WHAT IS NEEDED -
Only the pictures are to be left out; write out the rest of the data exactly.

GIVEN INFORMATION -
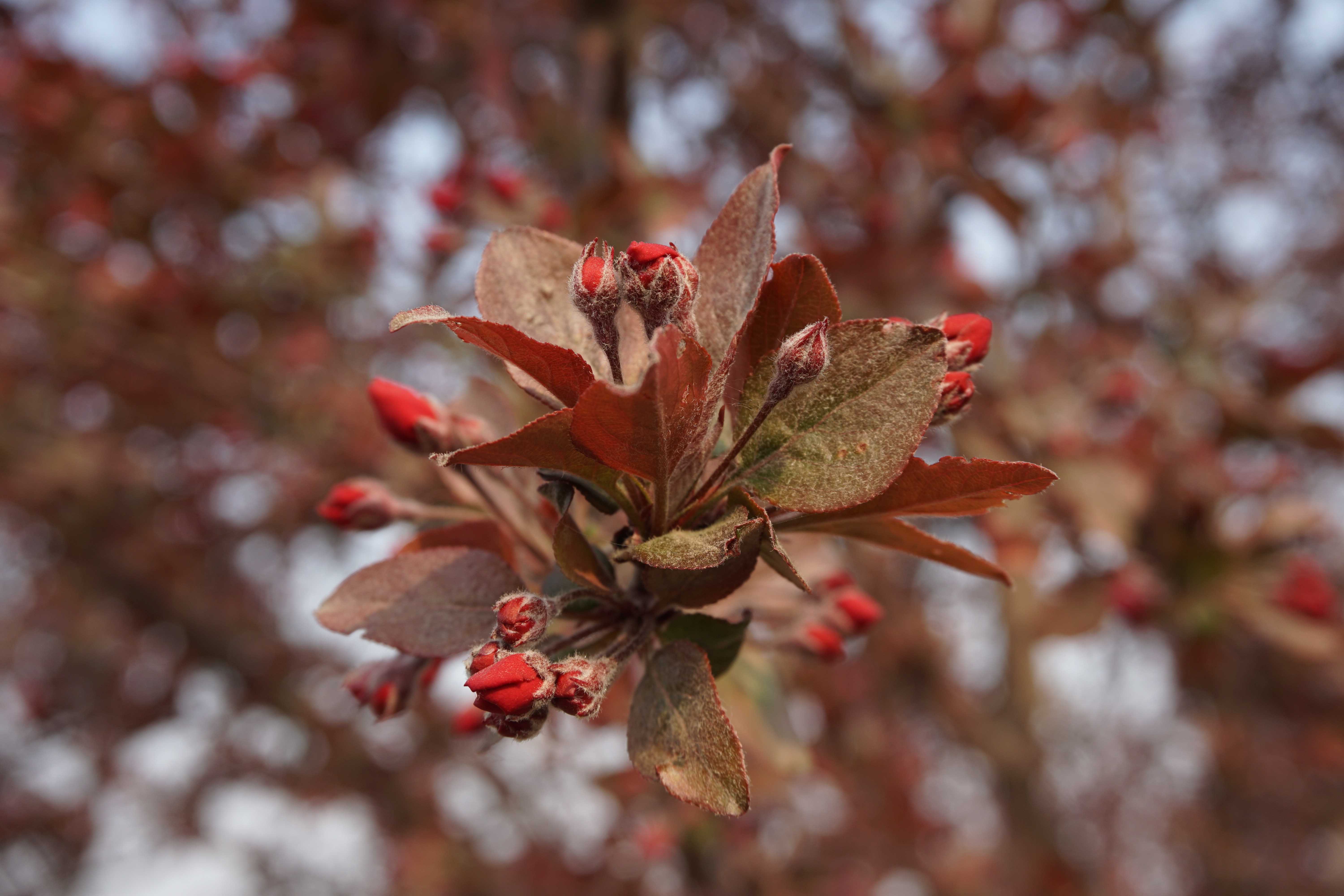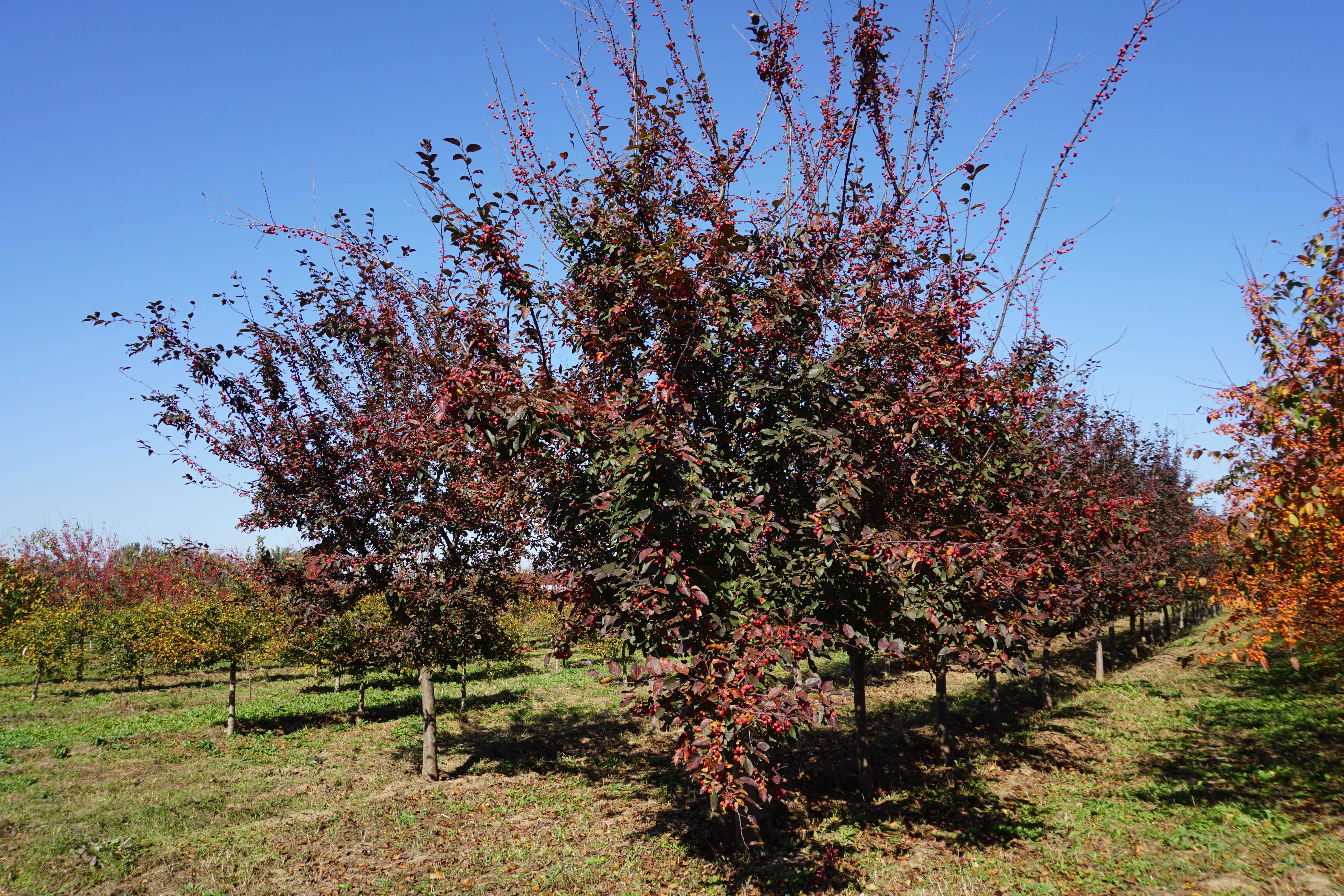 描述 Description 小型海棠品种,树形水平开展。开亮红色花。光亮的红色叶片高抗在潮湿地区易发生的苹果疮痂病和白粉病。果实小,秋季深红色,果量少。 This small crab has bright red flowers and a horizontal spreading form. The glossy reddish foliage is highly resistant to apple scab and mildew in humid areas. This tree bears small, deep red fruit in fall, but not in abundance. |
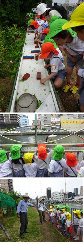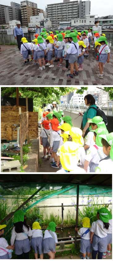 アゲハの幼虫を見たり、池の金魚やカエルをみたり、(大きい金魚なので、ひよこ組の子どもは「鯉!」と言っていました)、流れる水で遊んだり、川を行き交う船を見たり・・・と、楽しいことがいっぱいでした。
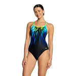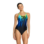 Make every session a standout with Zoggs Octane Strikeback! This eye-catching suit features bold blue flashes creating a dynamic and striking design with contrasting green straps and a black back.
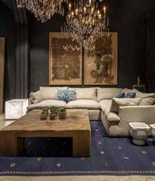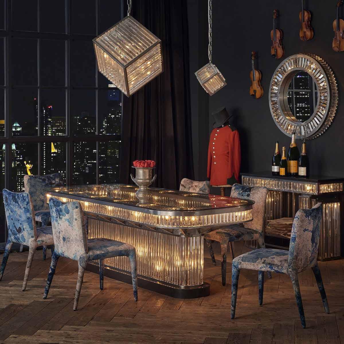 Beyond these statement pieces, the store reveals the depth of Oulton’s craft. The brand designs bars, lights, mirrors, dining tables and chairs, ottomans, and accessories, all made with the same level of care and character. The crystal lights and chandeliers glimmer softly, creating warmth rather than excess. They transform spaces with light that feels lived-in and natural.

EXERCISE RESULT -
 描述 Description 小型海棠品种,树形水平开展。开亮红色花。光亮的红色叶片高抗在潮湿地区易发生的苹果疮痂病和白粉病。果实小,秋季深红色,果量少。 This small crab has bright red flowers and a horizontal spreading form. The glossy reddish foliage is highly resistant to apple scab and mildew in humid areas. This tree bears small, deep red fruit in fall, but not in abundance. |
 アゲハの幼虫を見たり、池の金魚やカエルをみたり、(大きい金魚なので、ひよこ組の子どもは「鯉!」と言っていました)、流れる水で遊んだり、川を行き交う船を見たり・・・と、楽しいことがいっぱいでした。
 Make every session a standout with Zoggs Octane Strikeback! This eye-catching suit features bold blue flashes creating a dynamic and striking design with contrasting green straps and a black back.
 Beyond these statement pieces, the store reveals the depth of Oulton’s craft. The brand designs bars, lights, mirrors, dining tables and chairs, ottomans, and accessories, all made with the same level of care and character. The crystal lights and chandeliers glimmer softly, creating warmth rather than excess. They transform spaces with light that feels lived-in and natural.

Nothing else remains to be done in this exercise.